Psychothérapeutes allemands en Alsace – témoignage de Monsieur et Madame Wickenhäuser, diplômés en psychologie

Monsieur et Madame Wickenhäuser sont psychothérapeutes et proposent des consultations en thérapie cognitive et comportementale dans un cabinet commun à Wissembourg depuis 2010. Ils ont obtenu leur diplôme de psychologue en Allemagne et se sont installés à leur compte en France après 25 années de travail dans une clinique allemande. Ils reçoivent principalement des patients assurés en Allemagne, frontaliers ou résidants en Allemagne, les consultations de psychothérapie étant remboursées par les caisses d’assurance maladie allemandes, ce qui n’est pas le cas pour les assurés français. Nous nous intéressons à leurs expériences transfrontalières en tant que psychothérapeutes allemands en Alsace.

Madame et Monsieur Wickenhäuser, vous êtes psychothérapeutes allemands ; pourquoi vous êtes-vous installés en France ?

Les conditions de travail en clinique du côté allemand ont beaucoup changé au fil des années et nous ne pouvions plus accompagner les patients de manière aussi soutenue qu’au début de notre activité. Nous étions donc de plus en plus insatisfaits et le désir de changer d’environnement professionnel est devenu de plus en plus fort. Nous voulions être indépendants, mais ce n’était pas possible en Allemagne car l’offre en psychothérapie est planifiée et régulée par l’Union des médecins conventionnés (Kassenärztliche Vereinigung) ; il n’y avait, à l’époque pas de possibilité d’obtenir une autorisation de s‘installer. En cherchant d’autres possibilités, nous avons eu l’idée de nous installer à Wissembourg, car nous connaissions le lieu depuis longtemps parce que nous travaillions en région frontalière et que nous aimions beaucoup cette ville.
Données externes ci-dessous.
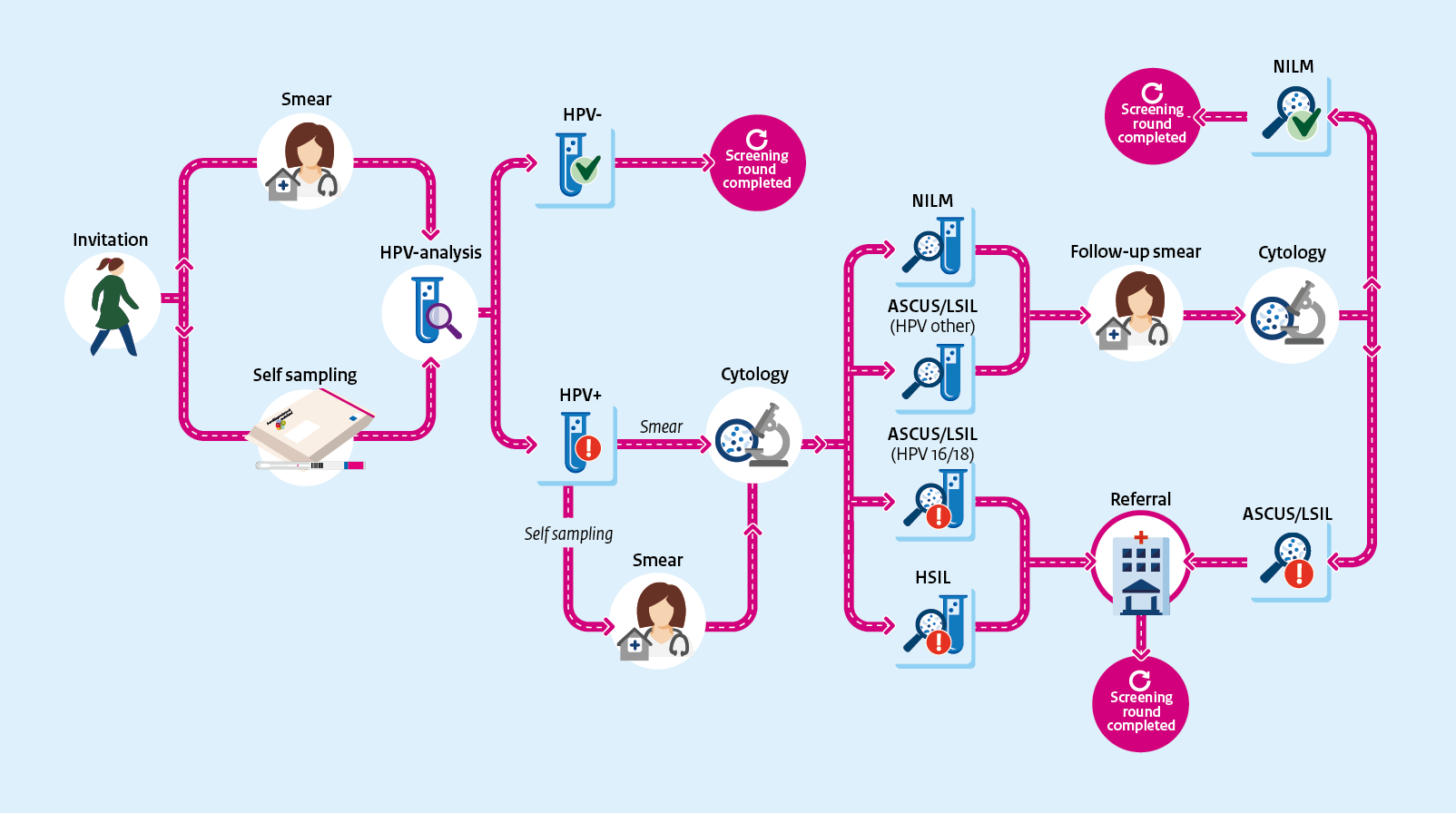 The cervical cancer screening starts with the selection of people who are eligible to be invited. The screening ends by informing the participants of the results. Participants who, based on the results, require further diagnosis and possibly treatment are referred to regular healthcare providers.

Nous avons osé faire nos premiers pas grâce à l’aide de la Chambre des psychothérapeutes du Land de Rhénanie-Palatinat (Landespsychotherapeutenkammer Rheinland-Pfalz) qui nous a donné des informations importantes, par exemple les personnes susceptibles de nous aider dans nos démarches en France et en Allemagne. Nous avons pris contact avec le Ministerium für Soziales, Arbeit, Gesundheit und Demografie Rheinland-Pfalz et avons reçu (et recevons encore aujourd’hui) beaucoup de soutien et d’aide en cas de besoin lors des négociations avec les caisses d’assurance maladie allemandes. Grâce à ce soutien, nous avons pu commencer le projet début 2010. Dans un premier temps, nous avons continué à travailler dans la clinique, jusqu’à ce que nous soyions certains que le projet fonctionne. Depuis mai 2011, nous exerçons uniquement à Wissembourg.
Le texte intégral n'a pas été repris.